*Task instructions*. All that is wanted is the lines from the first line of the listing below through the line containing "ST-9R (テプラPROテープカートリッジ 透明テープ/赤文字/6mm)", written out exactly with pictures left out.

---------- Data for this exercise

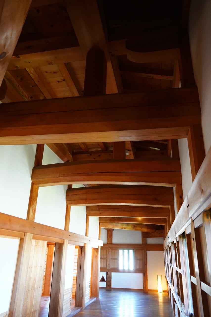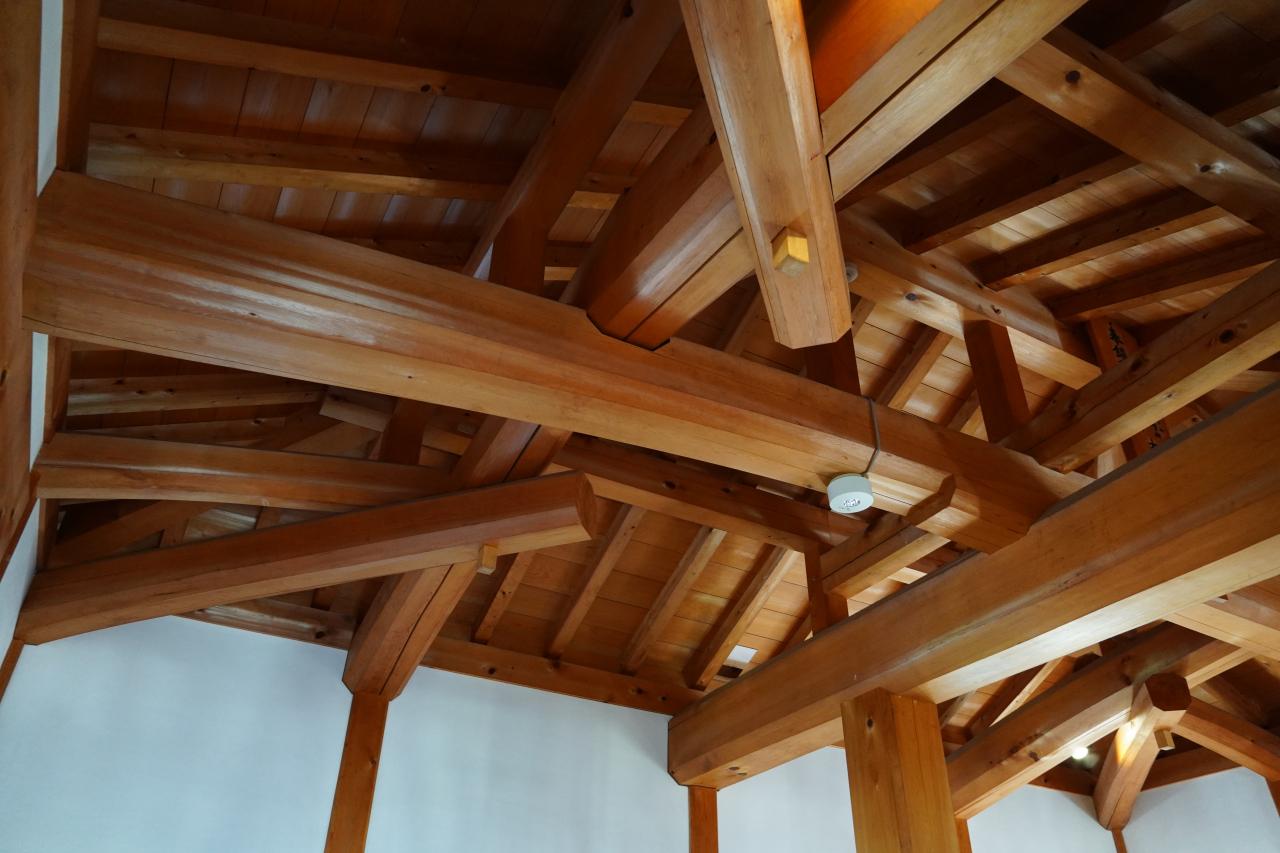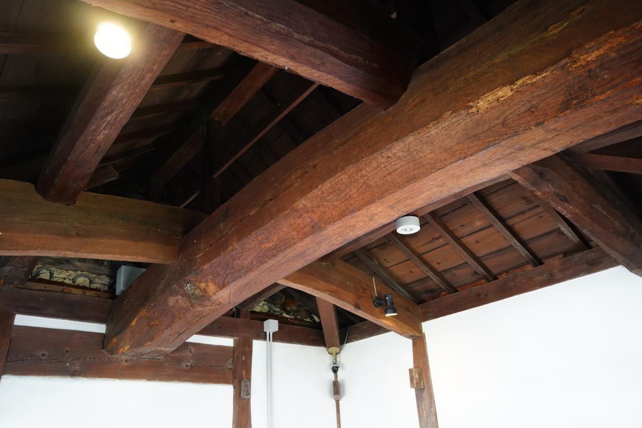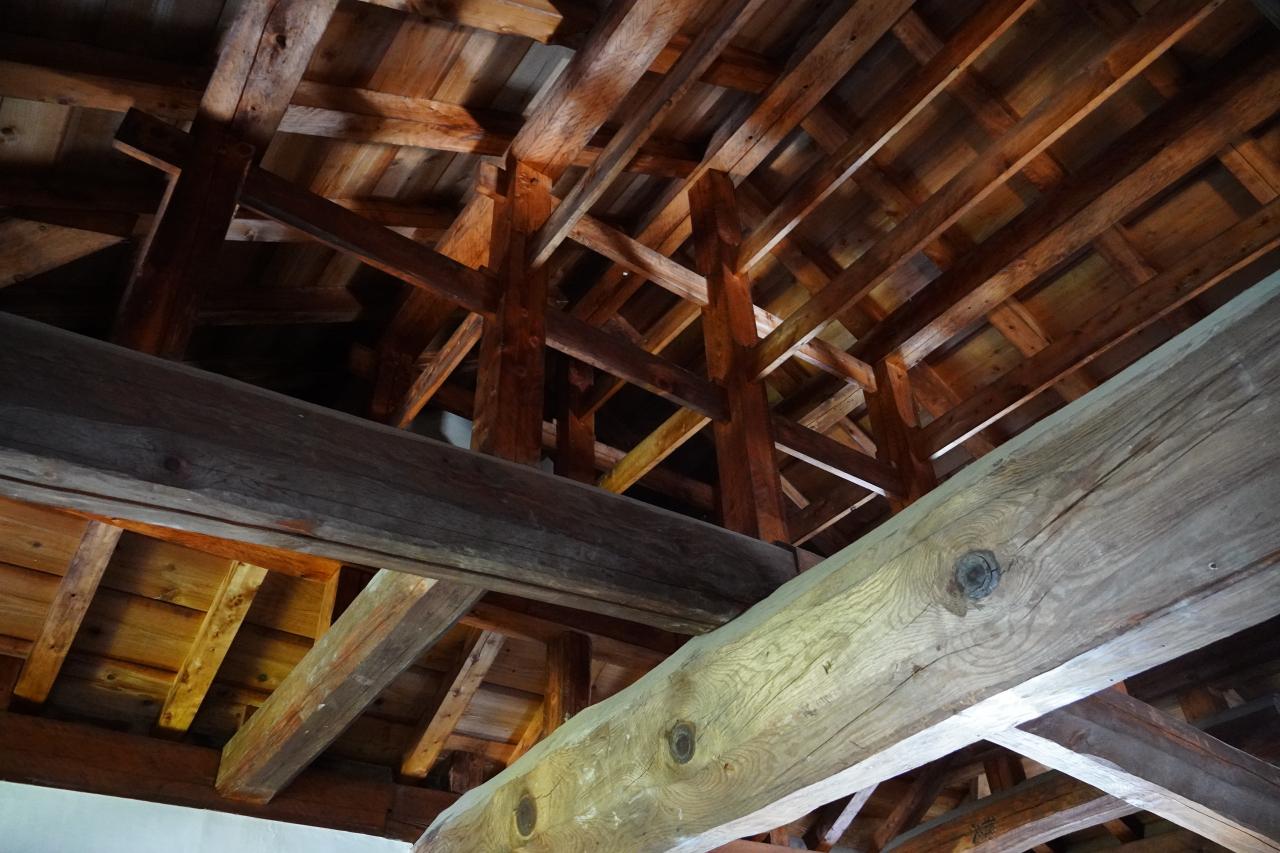 天守の屋根裏の複雑な骨組み。
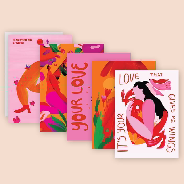 Celebrate LOVE with these vibrant cards! Choose your favourite or collect all five.
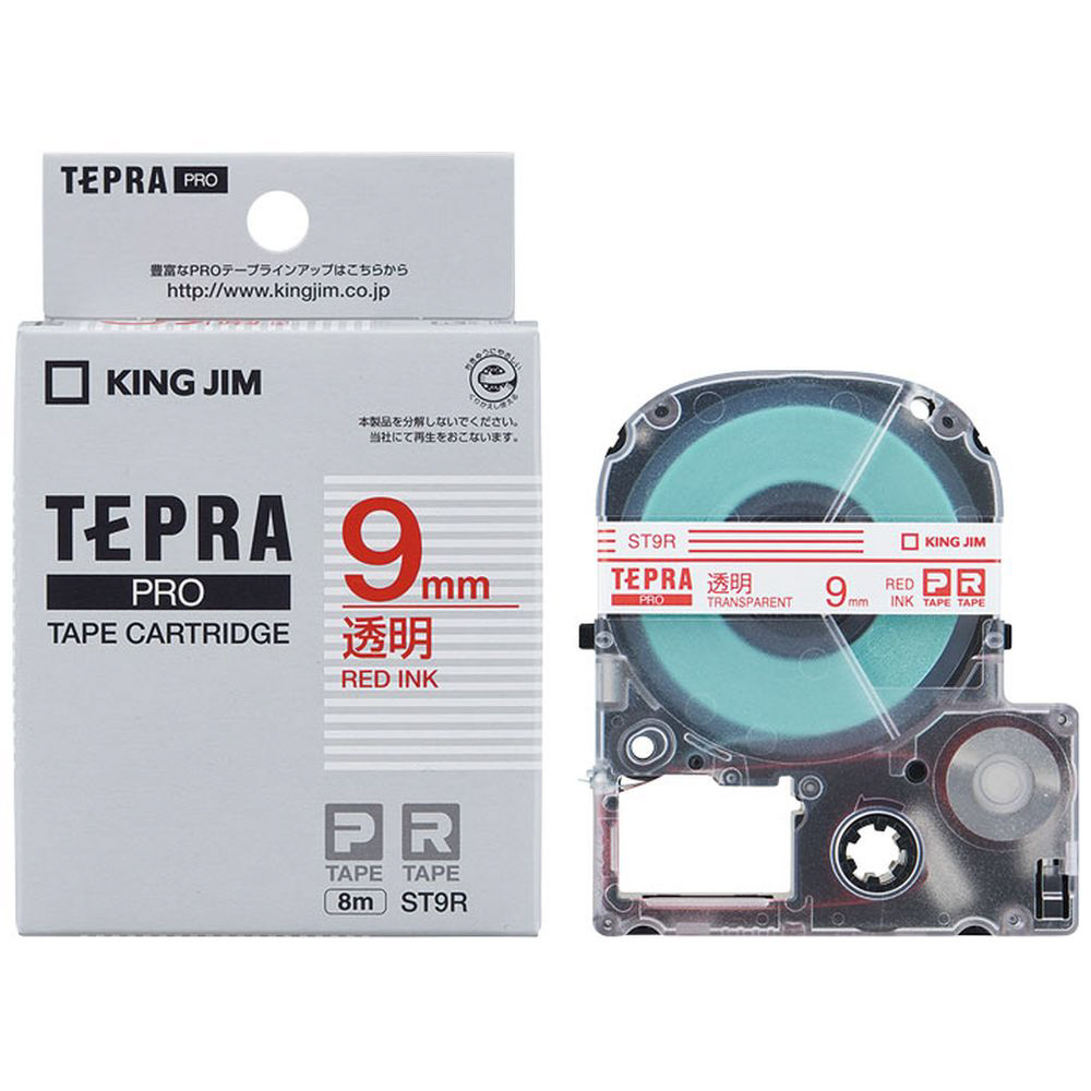 ST-9R (テプラPROテープカートリッジ 透明テープ/赤文字/6mm)
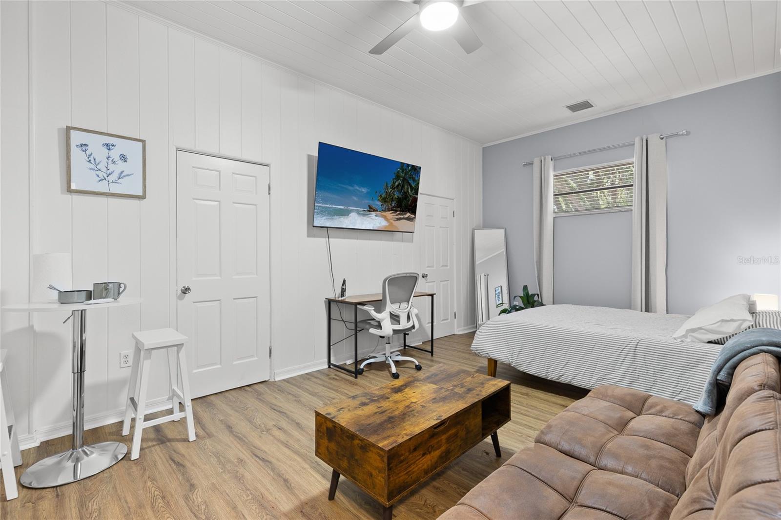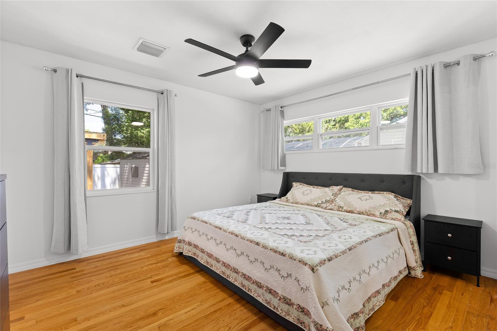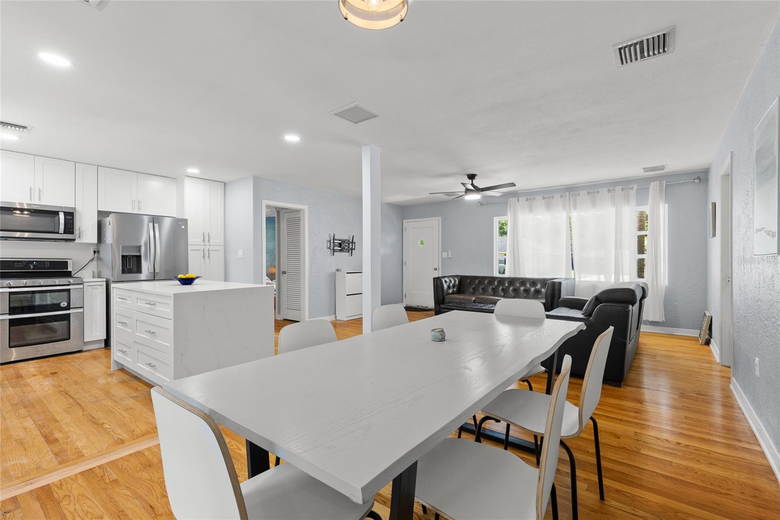 Located just outside the Sanford Historic District, this established neighborhood welcomes you to mid-century charm. This beautifully updated home blends classic charm with modern upgrades. The newly renovated kitchen features quartz countertops, waterfall island, gas double oven and soft-close cabinetry - perfect for entertaining or staying connected with the family fun. Original hardwood floors flow throughout the main house complemented by two updated bathrooms with Carrera marble counters, porcelain tile floors and touch-controlled LED mirrors with automatic defoggers. The sunroom opens to a enchanting back patio with new pavers, a picturesque pergola, and gas fire pit - an inviting space to unwind and savor the beauty of the Florida outdoors. Recent updates include new double pane windows and added insulation in two bedrooms, new pavers to front door, gutters, gas water heater, heat pump, upgraded electrical panel and electric car charger. A private in-law suite offers its own entrance, bathroom, laundry and basic kitchen essentials, and has functioned successfully as an Airbnb - especially convenient given the limited nearby hotel options and proximity to the Sanford/Orlando International Airport. Enjoy the vibrant lifestyle of downtown Sanford just minutes away, with festivals, riverfront parks and dining, Farmers Market, and unique local shops. American Home Shield warranty provided by Sellers with acceptable terms
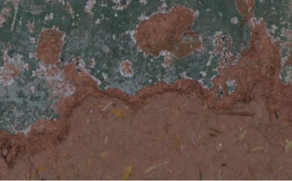 在东、西壁及南壁脱落处,可以看到,在草拌泥的外面还有一层,由纸浆和黄沙土组成,最外面刷了一层白垩土,薄如蛋壳,那壁画便是直接画在它上面的。
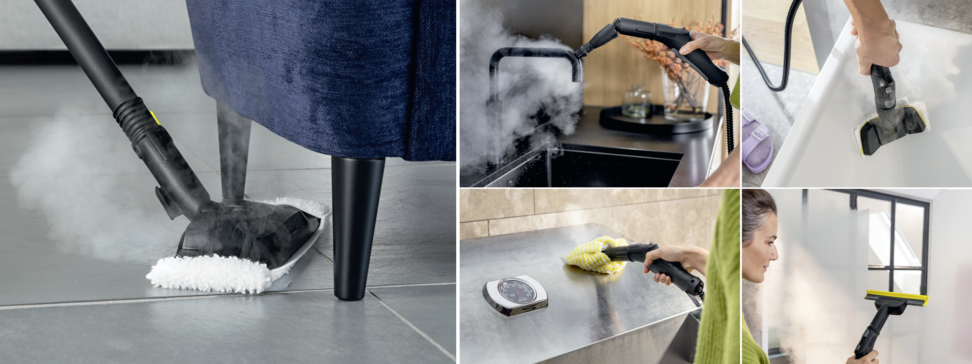 Після очищення поверхонь парою часто залишається волога. І саме тоді в пригоді стане віконний пилосос нового покоління WV 6 Plus, який вдало доповнює SC 2 EasyFix. Замість того щоб витирати вікна чи інші скляні поверхні вручну, можна просто зібрати залишок вологи віконним пилососом – і жодних потьоків. Його всмоктувальна насадка з гнучким краєм щільно прилягає до поверхні, забезпечуючи максимальну ефективність процесу й безкомпромісну чистоту. Тож дзеркала, вікна, стінки душових кабін та кахель завжди лиснітимуть!
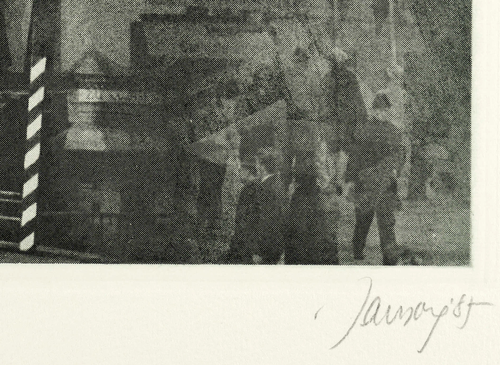 1985. Radierung / Fotomontage, in Schwarz, auf hellgelbem Weißenborn-Bütten. – Originale Künstlergrafik, von Joachim Jansong. – Auflage Exemplar Nr. XVII/XXV. – 21,6 x 29,3 cm (Darstellung), 22,8 x 30,6 cm (Platte), 36 x 36 cm (Blatt).
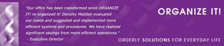 ORGANIZE IT! is a professional organizing service supporting individuals, businesses, and residential clients to organize their lives, homes, offices, and companies. Dorothy Madden, professional organizer, offers individual consultations and training, hands-on organizing, and on-going coaching.
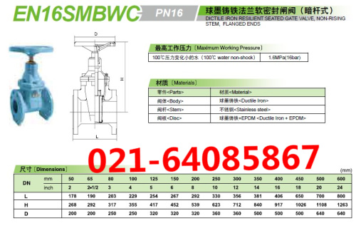 EN16SMBWC球墨铸铁法兰软密封闸阀日本KITZ北泽球墨铸铁法兰软密封闸阀PN16(暗杆式)EN16SMBWC

--------------------

*The completed task*.
 天守の屋根裏の複雑な骨組み。
 Celebrate LOVE with these vibrant cards! Choose your favourite or collect all five.
 ST-9R (テプラPROテープカートリッジ 透明テープ/赤文字/6mm)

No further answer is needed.